The Blue Revolution is Coming! The Blue Revolution is Coming!
As Los Angeles Dodgers fans attempt to take back their team, Juan Diego Ramirez creates a documentary
"I've been a Dodger fan as far back as I can remember. My first vivid memory of the Dodgers was from the 1985 NLCS, when Jack Clark hit that home run to beat the Dodgers in the playoffs. I still hate Jack Clark to this day, " says Juan Diego Ramirez, the director of the new documentary film, "Blue Revolution".
Published on LatinoLA: October 19, 2011
"Blue Revolution" is about a small group of Los Angeles Dodger fans that banded together in an effort to remove Frank McCourt as owner of the Dodgers. Ramirez has documented the fan's efforts, as they express their displeasure with Frank McCourt. In the film, there are scenes of protests, discussions of boycotts and interviews with various Dodger fans. What is evident from the film, is the fans passion and love for their beloved team and hatred for the team's current owner.
"Look something had to be done. There were too many Dodger fans that were upset about what Frank McCourt was doing to the team and it seemed like Major League Baseball was in no rush to do something about it. When he dragged the Dodgers into bankruptcy that was the final straw. The fans were pissed and something needed to be done. That's when, Roger, organized the protest," says Ramirez.
The Roger that Ramirez is referring too is Roger Arrieta.
"Roger, has this website called, Mark Cuban Save the Dodgers, and through the website he organized the two protests that took place outside of Dodger Stadium this year," says Ramirez.
On July 9, 2011 and August 27, 2011 a group of Dodger fans protested Frank McCourt's ownership of the team outside Dodger Stadium. So, Ramirez, began documenting the events.
"Something was happening. I went down to the corner of Elysian Park and Sunset, not knowing what to expect. Then I saw all these Dodger fans, with their signs and there was this guy on the bullhorn, who was great, leading the crowd in a chant of McCourt must go!, McCourt must go! At first, I started videotaping because I wanted to have a video that would serve as a time capsule. In all my years of being a Dodger fan, I had never seen a group of Dodger fans protest ownership. Then I started realizing there was a story here," says Ramirez.
Not only was Ramirez behind the camera, but he's part of the story as well. Being a lifetime Dodger fan he wrote letters to Bud Selig, the commissioner of Major League Baseball, requesting that Frank McCourt be removed as owner of the Los Angeles Dodgers.

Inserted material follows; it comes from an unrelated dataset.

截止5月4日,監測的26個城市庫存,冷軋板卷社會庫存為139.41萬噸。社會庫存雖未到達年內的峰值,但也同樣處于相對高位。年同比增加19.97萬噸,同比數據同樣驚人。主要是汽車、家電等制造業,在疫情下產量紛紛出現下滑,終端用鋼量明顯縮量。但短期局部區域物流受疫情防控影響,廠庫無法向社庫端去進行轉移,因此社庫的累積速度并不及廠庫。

"Selig, is doing what he has to do, but that doesn't mean the fans can't do their part either. I know there are some Dodger fans who don't agree with the protests and the boycott. That's fine, that's their opinion, but it's not going to stop us from doing what we feel needs to be done. We are protesting Frank McCourt's financial abuse of the team," says Ramirez.
Ramirez has referred to his film as a Valentine to the Dodger fans. The films is told from the fans perspective by a fan.

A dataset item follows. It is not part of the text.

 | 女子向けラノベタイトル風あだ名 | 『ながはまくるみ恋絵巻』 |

"The film was born out of frustration and this sense of helplessness. I kept hearing these stories about what Frank McCourt was doing with the team's money and I just kept saying to myself, who's going to put a stop to this? So when I heard about the protest, I borrowed my friend's camera and just started shooting. I had a vision of what I wanted the film to be when I started filming, but it was until I started editing, that I figured out how to tell that story. Whether you're a Dodger fan or not, if you're just a fan in general, I think you'll be able to relate to the film. "Blue Revolution" is about what it means to be a fan, " says Ramirez.
"Blue Revolution" has just begun it's film festival run and Ramirez is hoping that he will be able to find a venue were the film will be screened and Dodger fans can come together and discuss the film.

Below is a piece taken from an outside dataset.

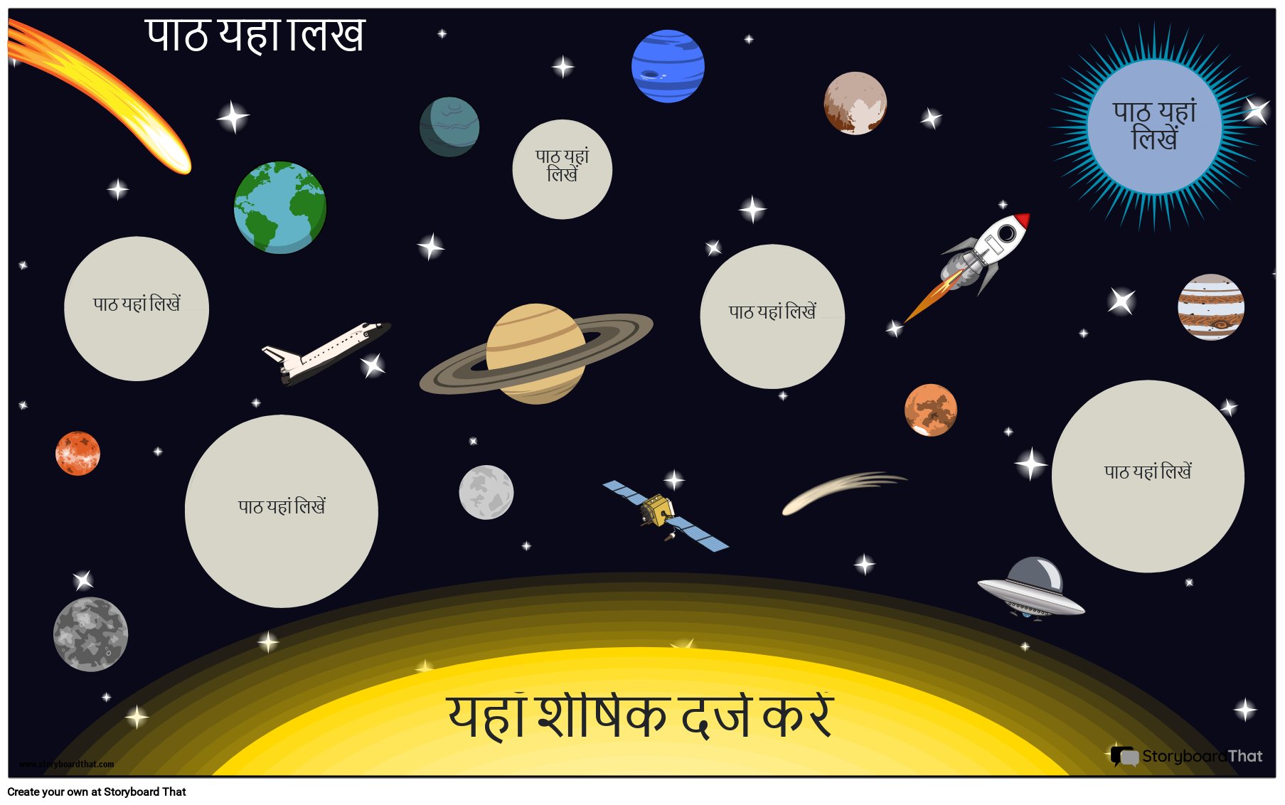 ग्रह और अंतरिक्ष विषयक विज्ञान इन्फोग्राफिक जो किसी विषय के बारे में महत्वपूर्ण तथ्यों को नेत्रहीन, संक्षिप्त और रचनात्मक रूप से वर्णित करता है।

"If Frank McCourt wants to see the film, I would love to show it to him. I'll show it to anybody. As a matter of fact I'm sending a copy to Larry King and Frank Sinatra's family. I know they're Dodger fans and they aren't happy about the McCourt situation. Who knows they might help me get the film out there," says Ramirez.
Even though baseball season is coming to an end and Frank McCourt continues to spend the majority of his time in the courts, one thing is clear, the "Blue Revolution" is coming and this grass roots movement is gaining momentum.